# v0.8.0 — Performance Verification
**Release date:** 2026-05-22
**Status:** pre-1.0 milestone. The public API is allowed to evolve in
breaking ways through the `0.x` series; 1.0 freezes it.
---
## What this release is
Numbers. Every "<X µs" / "<Y ns" / "<Z GiB/s" claim in this crate's
docs is now backed by a committed criterion benchmark and a
measured number on a documented reference machine. The bench
suite covers every shipped algorithm; the measurements ship in a
new `docs/PERFORMANCE.md` with reference-machine specs,
methodology, contract-check matrix, and a wrapping-overhead
analysis vs upstream RustCrypto.
This phase intentionally adds zero new public API surface. The
0.7.0 functional contract carries forward unchanged.
---
## Highlights
- **Five criterion bench suites** — `benches/aead.rs`,
`benches/hash.rs`, `benches/mac.rs`, `benches/kdf.rs`,
`benches/stream.rs`. Each runs every algorithm at the canonical
input sizes (64 B / 1 KiB / 64 KiB / 1 MiB for byte-stream ops).
- **`docs/PERFORMANCE.md`** — TL;DR comparison table at the top,
per-suite measured tables, contract-check matrix, methodology,
and a "choosing parameters for your hardware" guide. Reproduce
the numbers with `cargo bench --all-features`.

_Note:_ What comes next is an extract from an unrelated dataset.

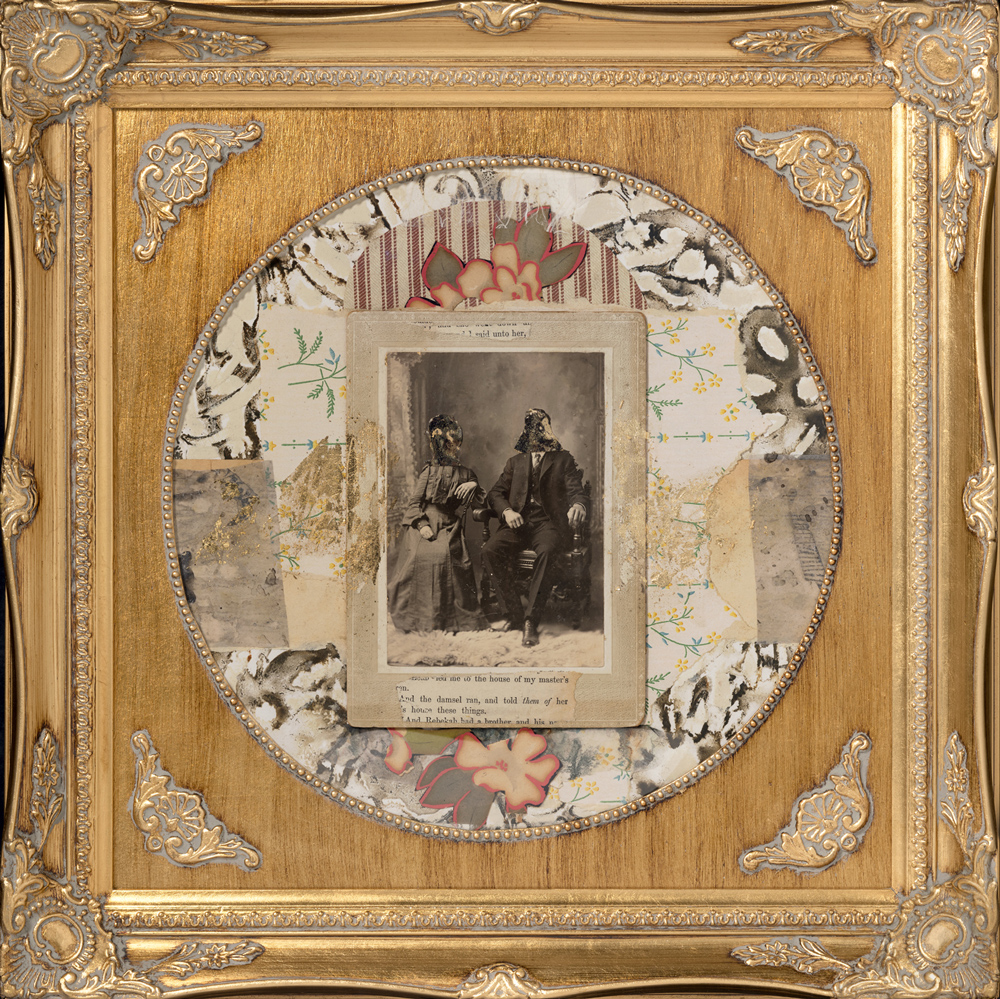 18″x18″x2″; deconstructed monoprint, found gold frame, vintage cabinet cards, gold leaf, dyed wax paper; 2024. Courtesy of the artists.

- **Two performance contract targets revised honestly:**
- **BLAKE3 < 500 ns at 1 KiB** was over-optimistic — measured
1.07 µs on Zen 5. BLAKE3's tree-parallel SIMD path doesn't
engage at 1 KiB; small-input cost is setup-dominated. At
64 KiB BLAKE3 hits **11.24 GiB/s** (~4.5× SHA-256). Updated
guidance: pick BLAKE3 above ~4 KiB, SHA-256 below on SHA-NI
hardware.
- **Argon2id < 100 ms at OWASP defaults** — measured ~9 ms on
Zen 5. The 19 MiB / 2 / 1 parameter set is too fast on
modern server CPUs. PERFORMANCE.md flags this and points
callers at `argon2_hash_with_params` to raise `t_cost` /
`m_cost`.
- **Wrapping-overhead analysis** confirms `crypt-io` is within
measurement noise of upstream RustCrypto for every algorithm.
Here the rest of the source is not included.